> _Exercise_: Everything from the line that contains "移行した Web サイトをアクティブにするには、移行先の環境の" to the final line of the data, both ends included, must be set down exactly, apart from the pictures.

> _Stored data_:
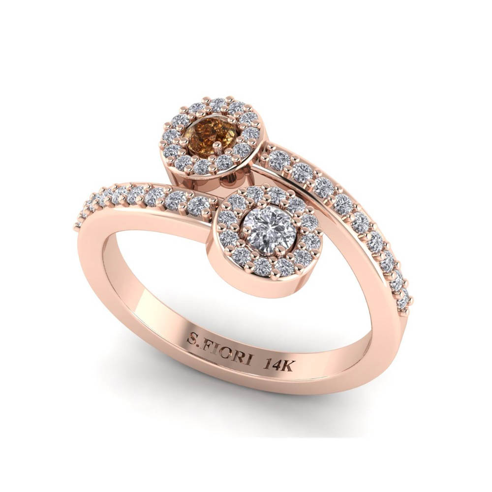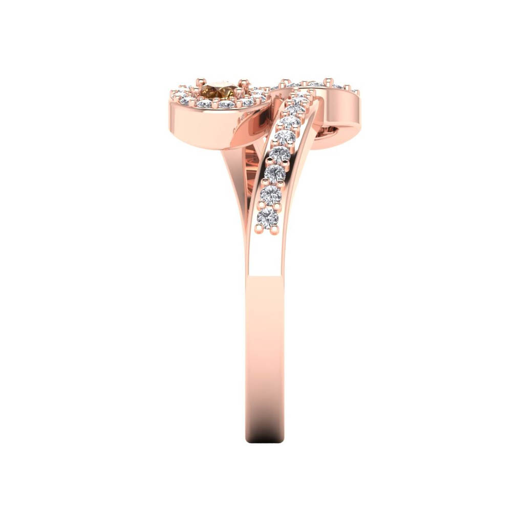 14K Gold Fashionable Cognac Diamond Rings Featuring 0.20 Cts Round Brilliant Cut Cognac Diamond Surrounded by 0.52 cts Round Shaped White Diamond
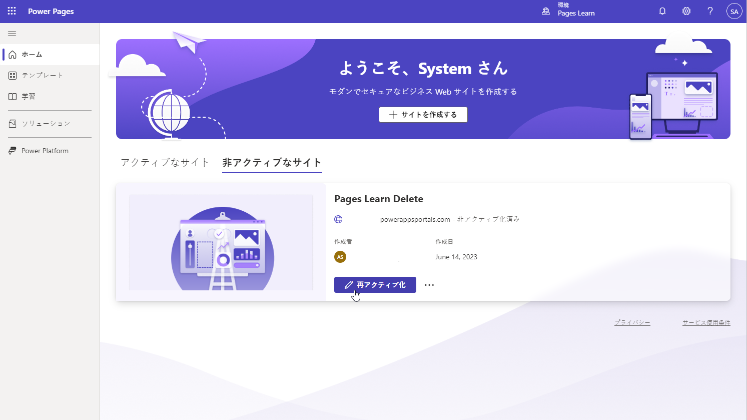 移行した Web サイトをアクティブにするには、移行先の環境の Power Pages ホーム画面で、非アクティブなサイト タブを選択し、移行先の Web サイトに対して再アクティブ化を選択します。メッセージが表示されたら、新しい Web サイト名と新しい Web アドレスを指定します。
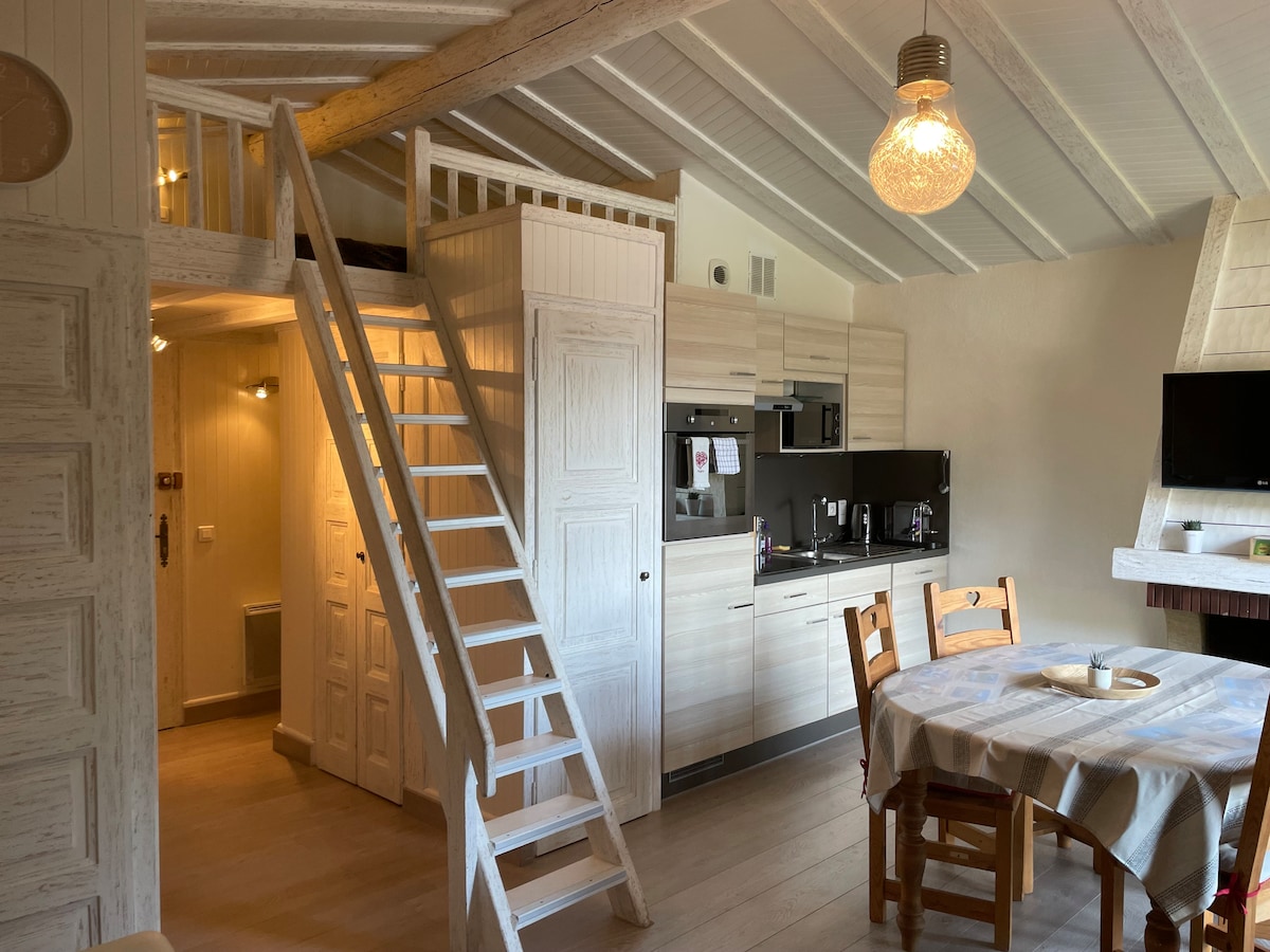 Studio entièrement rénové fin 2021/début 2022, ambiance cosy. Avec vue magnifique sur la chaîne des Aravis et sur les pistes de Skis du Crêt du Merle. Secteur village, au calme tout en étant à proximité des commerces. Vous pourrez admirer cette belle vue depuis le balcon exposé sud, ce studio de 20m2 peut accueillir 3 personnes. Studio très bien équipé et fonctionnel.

> _Answer box_:
 移行した Web サイトをアクティブにするには、移行先の環境の Power Pages ホーム画面で、非アクティブなサイト タブを選択し、移行先の Web サイトに対して再アクティブ化を選択します。メッセージが表示されたら、新しい Web サイト名と新しい Web アドレスを指定します。
 Studio entièrement rénové fin 2021/début 2022, ambiance cosy. Avec vue magnifique sur la chaîne des Aravis et sur les pistes de Skis du Crêt du Merle. Secteur village, au calme tout en étant à proximité des commerces. Vous pourrez admirer cette belle vue depuis le balcon exposé sud, ce studio de 20m2 peut accueillir 3 personnes. Studio très bien équipé et fonctionnel.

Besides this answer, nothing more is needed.